SHNet, JAKARTA – Total ada 91 insan olahraga yang menerima penghargaan di malam puncak peringatan Hari Olahraga Nasional (Haornas) 2019 di Siring Menara Pandang, Banjarmasin, Kalimantan Selatan, Minggu (8/9).

Uniknya, dari total 91 penerima penghargaan itu, hanya 20 perwakilan yang diundang untuk datang langsung ke Banjarmasin dan menerima penghargaan dari Menteri Pemuda Dan Olahraga (Menpora) Imam Nahrawi.

Atlet berkuda DKI Jaya, Muhammad Akbar Kurniawan termasuk salah satu atlet yang menerima penghargaan dan juga masuk dalam 20 perwakilan insan olahraga yang diundang untuk hadir langsung ke Banjarmasin.

Muhammad Akbar Kurniawan yang akrab disapa Aan ini pun hadir di Banjarmasin dengan didampingi kedua orang tuanya, Fatchul Anas dan Ernawati Yuhana. Begitu nama Aan dipanggil untuk maju menerima penghargaan dari Menpora, kedua orangtuanya terlihat girang bukan kepalang.

“Bangga dan bahagia bisa melihat Aan menerima penghargaan tertinggi di Haornas 2019 ini,” ucap ayahandanya, Fatchul Anas kepada SHNet, di Banjarmasin. Sementara Aan mengaku bangga dan nyaris tak ada kata-kata untuk mengungkapkan kebahagiaannya. “Pokoknya saya bangga, terima kasih buat Pemerintah yang menghargai kami,” ujar remaja belia kelahiran 20 Februari 2004 ini.
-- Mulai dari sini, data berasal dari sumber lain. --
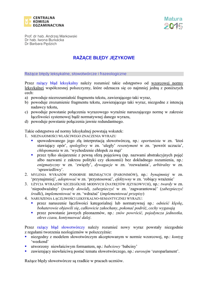 Prof. dr hab. Andrzej Markowski Dr hab. Iwona Burkacka Dr Barbara Pędzich RAŻĄCE BŁĘDY JĘZYKOWE Rażące błędy leksykalne, słowotwórcze i frazeologiczne Przez rażący błąd leksykalny należy rozumieć takie odstępstwo od wzorcowej normy leksykalnej współczesnej polszczyzny, które odznacza się co najmniej jedną z poniższych cech: a) powoduje niezrozumiałość fragmentu tekstu, zawierającego taki wyraz, b) powoduje zrozumienie fragmentu tekstu, zawierającego taki wyraz, niezgodne z intencją nadawcy tekstu, c) powoduje powstanie połączenia wyrazowego wyraźnie naruszającego normę w zakresie łączliwości systemowej bądź normatywnej danego wyrazu, d) powoduje powstanie połączenia jawnie redundantnego. Takie odstępstwa od normy leksykalnej powstają wskutek: 1. NIEZNAJOMOŚCI WŁAŚCIWEGO ZNACZENIA WYRAZU spowodowanego jego złą interpretacją słowotwórczą, np.: oportunista w zn. ‘ktoś stawiający opór’, spolegliwy w zn. ‘uległy’ resentyment w zn. ‘powrót uczucia’, chłopomania w zn. ‘wychodzenie chłopek za mąż’ przez tylko skojarzenie z pewną sferą pojęciową (np. nazwami abstrakcyjnych pojęć albo nazwami z zakresu polityki czy ekonomii) bez dokładnego rozumienia, np.: enigmatyczny w zn. ‘zwięzły’, dywagacje w zn. ‘rozważania’, arbitralny w zn. ‘sprawiedliwy’. 2. MYLENIA WYRAZÓW PODOBNIE BRZMIĄCYCH (PARONIMÓW), np.: bynajmniej w zn. ‘przynajmniej’, adoptować w zn. ‘przystosować’, efektywny w zn. ‘robiący wrażenie’ 3. UŻYCIA WYRAZÓW SZCZEGÓLNIE MODNYCH (NATRĘTÓW JĘZYKOWYCH), np.: twardy w zn. ‘niepodważalny’ (twardy dowód), zabezpieczyć w zn. ‘zagwarantować’ (zabezpieczyć środki), implementować w zn. ‘wdrażać’ (implementować przepisy) 4. NARUSZENIA ŁĄCZLIWOŚCI LEKSYKALNO-SEMANTYCZNEJ WYRAZU: przez naruszenie łączliwości kategorialnej lub normatywnej np.: odnieść klęskę, bohaterowie objawili się, całkowicie zakochany, pokonać podróż, cechy wygasają przez powstanie jawnych pleonazmów, np.: znów powrócić, pojedyncza jednostka, okres czasu, kontynuować dalej. Przez rażący błąd słowotwórczy należy rozumieć nowy wyraz powstały niezgodnie z regułami tworzenia neologizmów w polszczyźnie: niezgodny z modelem słowotwórczym akceptowanym w normie wzorcowej, np.: kontyg ‘weekend’ utworzony niewłaściwym formantem, np.: babciowy ‘babciny’ zawierający niewłaściwą postać tematu słowotwórczego, np.: eurosejm ‘europarlament’. Rażące błędy słowotwórcze są rzadkie w pracach uczniów. Przez rażący błąd frazeologiczny należy rozumieć takie odstępstwo od wzorcowej normy frazeologicznej współczesnej polszczyzny, które odznacza się co najmniej jedną z następujących cech: a) powoduje niezrozumiałość tekstu zawierającego dany frazeologizm, b) powoduje zrozumienie frazeologizmu niezgodne z jego znaczeniem, c) powoduje w danym kontekście udosłownienie znaczenia elementów tworzących frazeologizm. Takie odstępstwa od normy frazeologicznej powstają wskutek: niezrozumienia znaczenia użytego związku frazeologicznego, np.: rozpisują się oni do granic możliwości modyfikacji jego formy (wymiany, rozszerzenia, skrócenia bądź kontaminacji składu leksykalnego), np.: [miłość] odgórnie skazana na niepowodzenie, [dramaty] dokładnie wytykają nam palcem, utwory, których harmonia i ekspresyjność uczuć dotykają każdą duszę umieszczenia związku w niewłaściwym kontekście, np.: Wokulski był ofiarą losu, kiedy starał się zrobić coś użytecznego. Rażące błędy fleksyjne Za rażące błędy fleksyjne należy uznać takie odstępstwa od wzorcowej normy fleksyjnej współczesnej polszczyzny, które dotyczą wyrazów powszechnie znanych, często używanych i odnoszących się do codziennych realiów, utrudniają właściwą interpretację tekstu lub budzą skojarzenia niezgodne z intencją nadawcy. Do rażących odstępstw od normy językowej należy więc zaliczyć następujące typy błędów fleksyjnych: 1. W ZAKRESIE FLEKSJI RZECZOWNIKÓW POSPOLITYCH Przypisanie rzeczownikowi niewłaściwego rodzaju gramatycznego, np. *ta komponenta, *ten pomarańcz. Wybór niewłaściwej postaci mianownika liczby pojedynczej, np. *boginia, *ideja, *gałęź. Wybór niewłaściwej końcówki fleksyjnej, np. *kotowi, *w cudzysłowiu, *przyjacielami. Wybór niewłaściwej postaci tematu fleksyjnego, np. *o kwiacie, *w gniaździe, *(tego) znamia. 2. W ZAKRESIE FLEKSJI NAZW WŁASNYCH Błędna odmiana nazwiska lub nieodmienianie nazwiska, któremu można przypisać wzorzec odmiany, np.: *(utwory) Fredra, * z Bonapartym, *(obrazy) Picasso. Błędna odmiana nazwy geograficznej lub nieodmienianie nazwy, której można przypisać wzorzec odmiany, np. *w Zakopanym, *z Kołobrzega, *w Niemcach,*z Liverpool. 3. W ZAKRESIE FLEKSJI CZASOWNIKÓW Używanie niewłaściwej postaci bezokolicznika, np. *wziąć, *schuść, *pęc. Odmiana czasowników zakończonych na -ać wg niewłaściwego wzorca, np. *depta, *gwizda, *trzymie. Niepoprawna odmiana czasowników o zakończeniu -ywać, np. *porównywuje, *dorównywujący, *dokonywujący. Używanie niepoprawnych form 1. os. lp czasu przeszłego rodz. męskiego, np. *zaczęłem, *wzięłem *przyszłem. Używanie niepoprawnych form czasu przeszłego rodz. żeńskiego, np. *dmuchła, *poślizła się, *trzasła. Nieuwzględnianie wymian głoskowych w odmianie czasowników, np. *gnietą, *zawiezą. Używanie w 3 os. lm form z głoską miękką w wypadku czasowników zachowujących w odmianie głoskę twardą (lub odwrotnie), np. *rwią, *tłuczą, *kłamą. Używanie skróconych postaci czasowników umieć i rozumieć w 3 os. lm czasu teraźniejszego: *umią, *rozumią. 4. W ZAKRESIE FLEKSJI POZOSTAŁYCH CZĘŚCI MOWY Błędy w odmianie przymiotników, takie jak *bardziej wyższy, *niebieściejszy. Błędy w odmianie liczebników, takie jak *dwiestu, *czterdziestoro. Błędy w odmianie zai

Lantas, apa harapan Aan yang kini jadi andalan Pordasi DKI Jaya ini setelah meraih penghargaan ini? “Semoga ini bisa terus memicu semangat saya Karena cita-cita saya hanya bisa tampil di Olimpiade,” tutur Aan.

Lumrah kalau Aan didaulat menerima penghargaan. Pasalnya, ia adalah juara dunia berkuda junior di seri kejuaraan dunia Longines Master-HKJC Asian Junior Challenge pada 15-17 Februari 2019. Ia turun di kelas jumping 14-18 tahun dan bersaing ketat dengan atlet tuan rumah yang sudah tampil di Youth Olympic, atlet Taiwan, serta atlet Thailand yang usianya lebih tua darinya.

Sebelum menjuarai seri kejuaraan dunia di HongKong, Aan juga meraih prestasi sebagai juara di 3rd AEF Junior Jumping Championship di Taiwan pada 9-12 November 2018 dan juara CSIJB Princes Cup Thailand 19-21 November 2018. Pada 28 Februari-3 Maret lalu, Aan mengikuti FEI Jumping Challenge seri 1 di Jakarta dan menjadi juara pertama.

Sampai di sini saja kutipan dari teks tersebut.